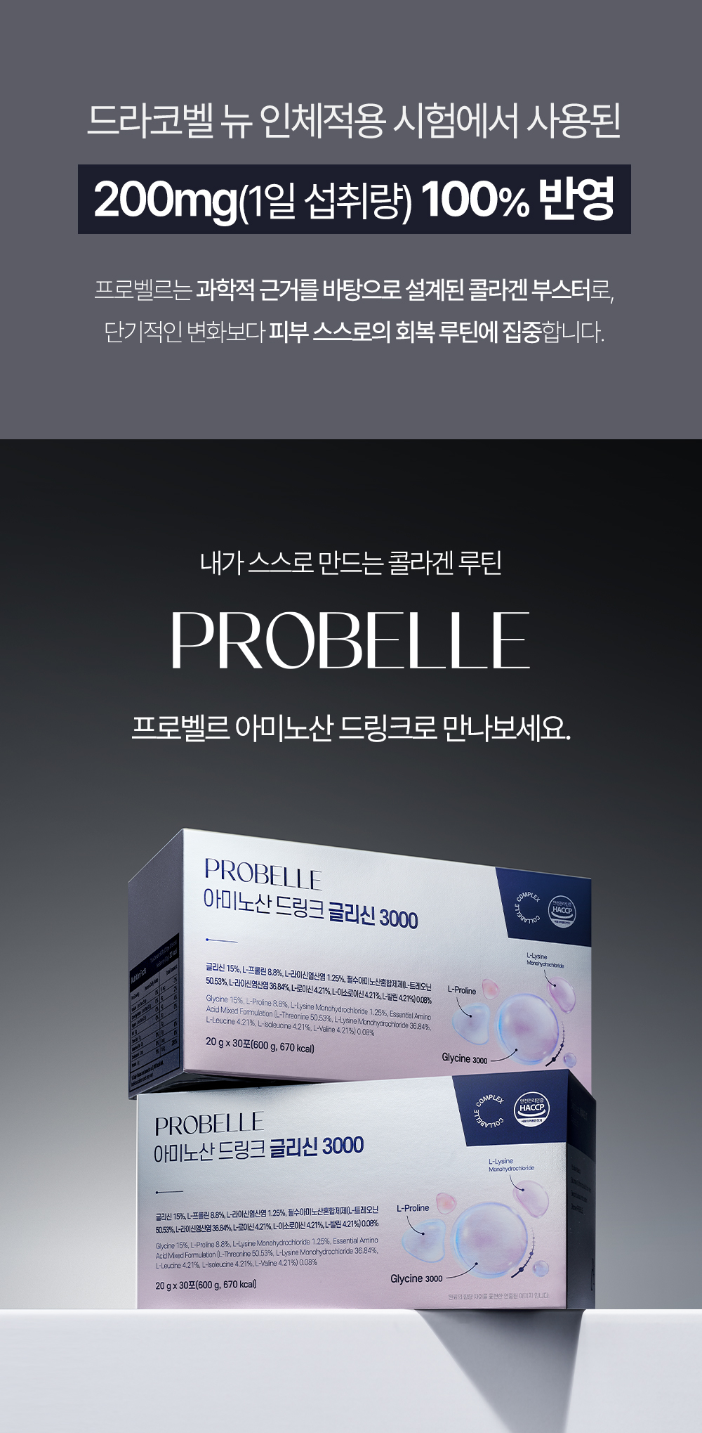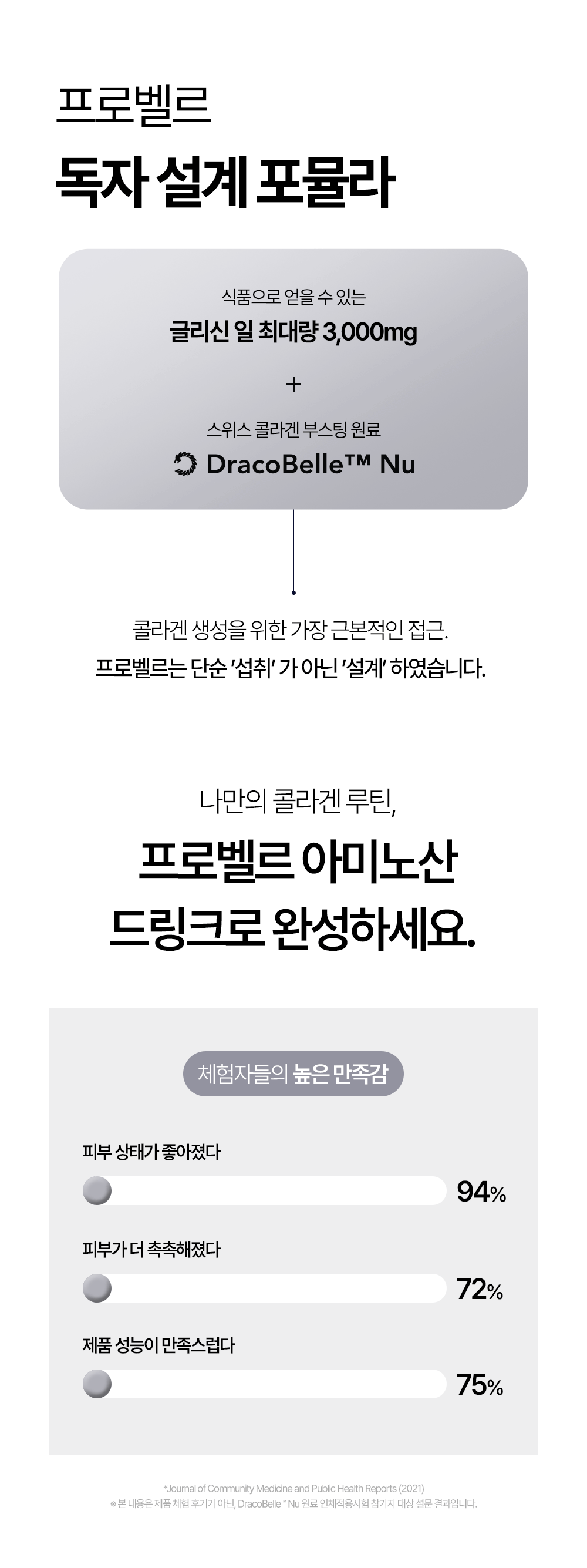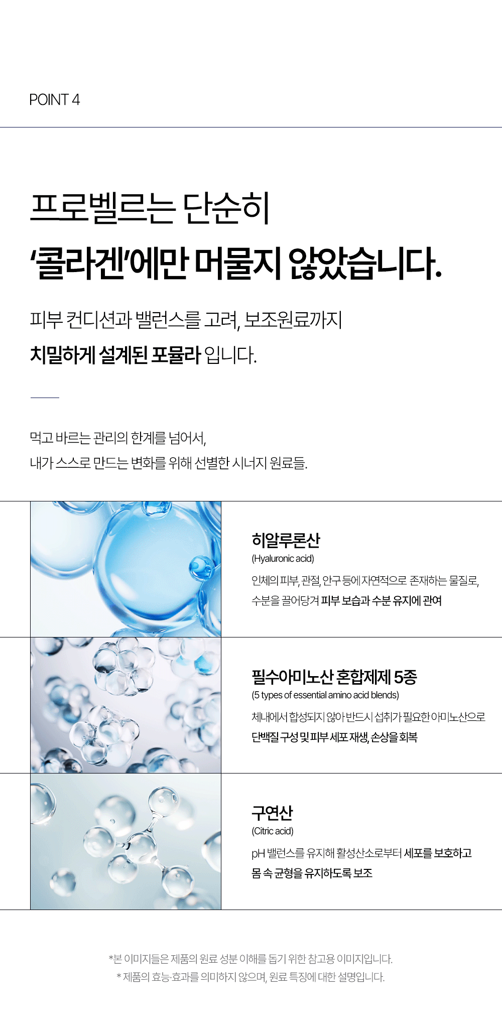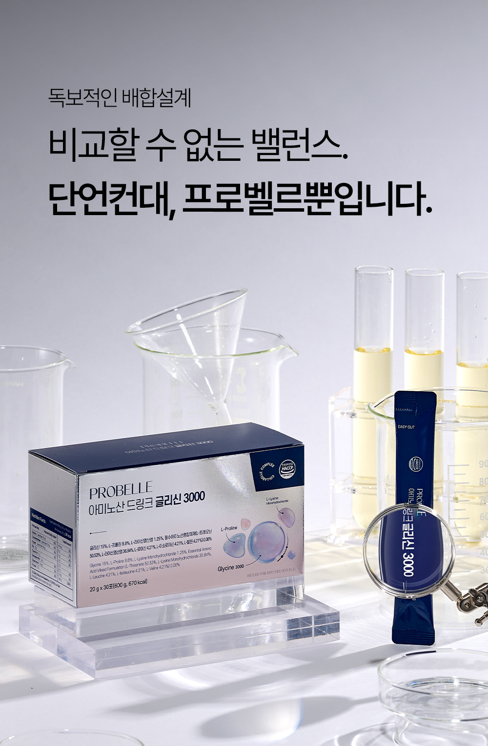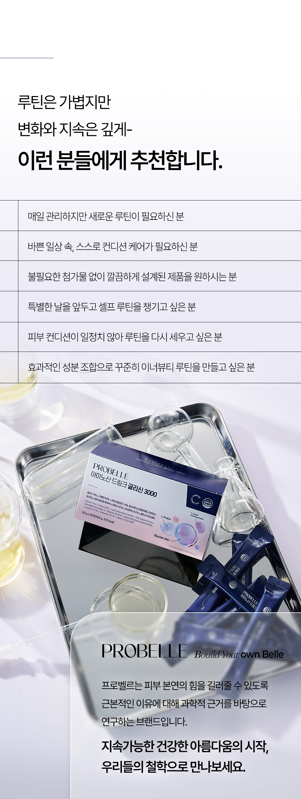 프로벨르는 글리신, 프롤린, 라이신 등 콜라겐 생성의 핵심 아미노산을 치밀하게 배합해 설계하여 콜라겐 합성을 유도하는 포뮬라를 완성했습니다.
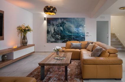 This villa offers optimal accommodation for 8 people, but can accommodate 2 extra people on the sofa in the living room. The ground floor consists of a modern kitchen equipped with everything guests need during their stay in the villa, a dining room for 10 people and a comfortable living room overlooking the main terrace and pool. Furthermore, large glass surfaces extend throughout the villa to provide as much natural light as possible.
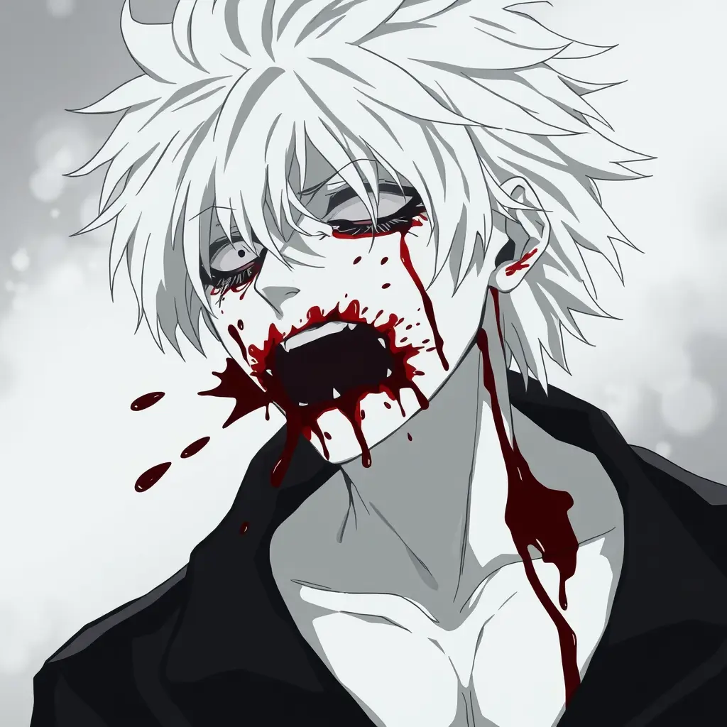 شخص حزين وخائف وملطخ بالدم في الانمي ابيض واسود وشعره ابيضوالدم يخرج من جسده وجامد
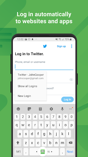 • Automatically fill in passwords in apps and sites visited using Chrome or other browsers.
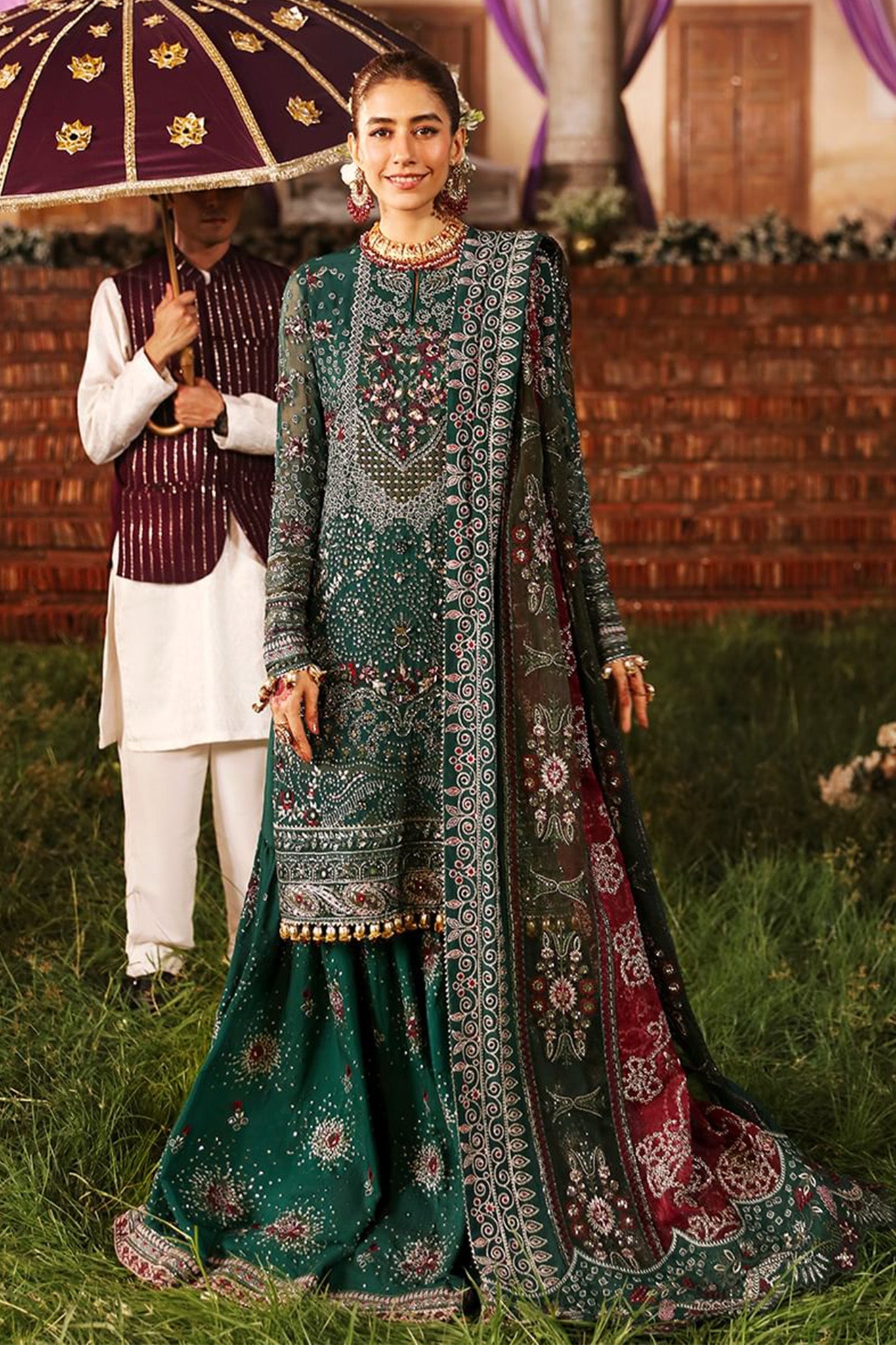 Embroidered chiffon front with hand embellishment Embroidered chiffon back Embroidered organza back patch Embroidered chiffon sleeves with hand embellishment Embroidered...
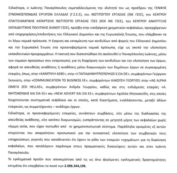 Πρόκειται για την υπόθεση του Προέδρου της ΓΣΕΕ, Γιάννης Παναγόπουλου, όπου ελέγχεται για διαδρομή χρήματος που φέρεται να ξεκινά από τα ταμεία της ΓΣΕΕ και να καταλήγει σε ιδιωτικούς λογαριασμούς.
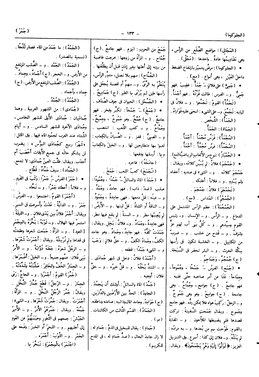 (الجمد) الصلب الْمُرْتَفع من الأَرْض (ج) جماد وأجماد
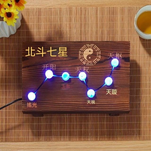 桌面擺件松木雕刻北斗七星燈後天八卦方位圖客廳辦公室實木工藝品
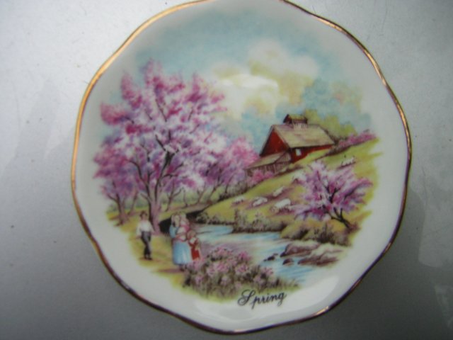 Malutki spodek porcelanowy z reprodukcją Spring. Sygnowany FINE BONE CHINA MADE IN ENGLAND. Pastelowy nadruk, na błyszcząco szkliwiony. Rant falbanowankowy, złocony. Doskonały do kolekcji :) Wiosenna radość i świeżość.
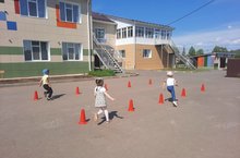 Дети младшей группы учатся играть в новые игры.
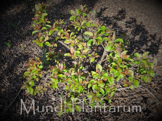 Pommier décoratif nain au port compact. Feuilles teintées de pourpre au printemps. Fleurs roses foncées. Hauteur 1m.

◆ ◆ ◆ ◆

Exercise objective
Beginning with the first line of the material above, please output each line exactly through the line that contains "桌面擺件松木雕刻北斗七星燈後天八卦方位圖客廳辦公室實木工藝品", and only those, leaving out pictures.

Answer for this exercise
 프로벨르는 글리신, 프롤린, 라이신 등 콜라겐 생성의 핵심 아미노산을 치밀하게 배합해 설계하여 콜라겐 합성을 유도하는 포뮬라를 완성했습니다.
 This villa offers optimal accommodation for 8 people, but can accommodate 2 extra people on the sofa in the living room. The ground floor consists of a modern kitchen equipped with everything guests need during their stay in the villa, a dining room for 10 people and a comfortable living room overlooking the main terrace and pool. Furthermore, large glass surfaces extend throughout the villa to provide as much natural light as possible.
 شخص حزين وخائف وملطخ بالدم في الانمي ابيض واسود وشعره ابيضوالدم يخرج من جسده وجامد
 • Automatically fill in passwords in apps and sites visited using Chrome or other browsers.
 Embroidered chiffon front with hand embellishment Embroidered chiffon back Embroidered organza back patch Embroidered chiffon sleeves with hand embellishment Embroidered...
 Πρόκειται για την υπόθεση του Προέδρου της ΓΣΕΕ, Γιάννης Παναγόπουλου, όπου ελέγχεται για διαδρομή χρήματος που φέρεται να ξεκινά από τα ταμεία της ΓΣΕΕ και να καταλήγει σε ιδιωτικούς λογαριασμούς.
 (الجمد) الصلب الْمُرْتَفع من الأَرْض (ج) جماد وأجماد
 桌面擺件松木雕刻北斗七星燈後天八卦方位圖客廳辦公室實木工藝品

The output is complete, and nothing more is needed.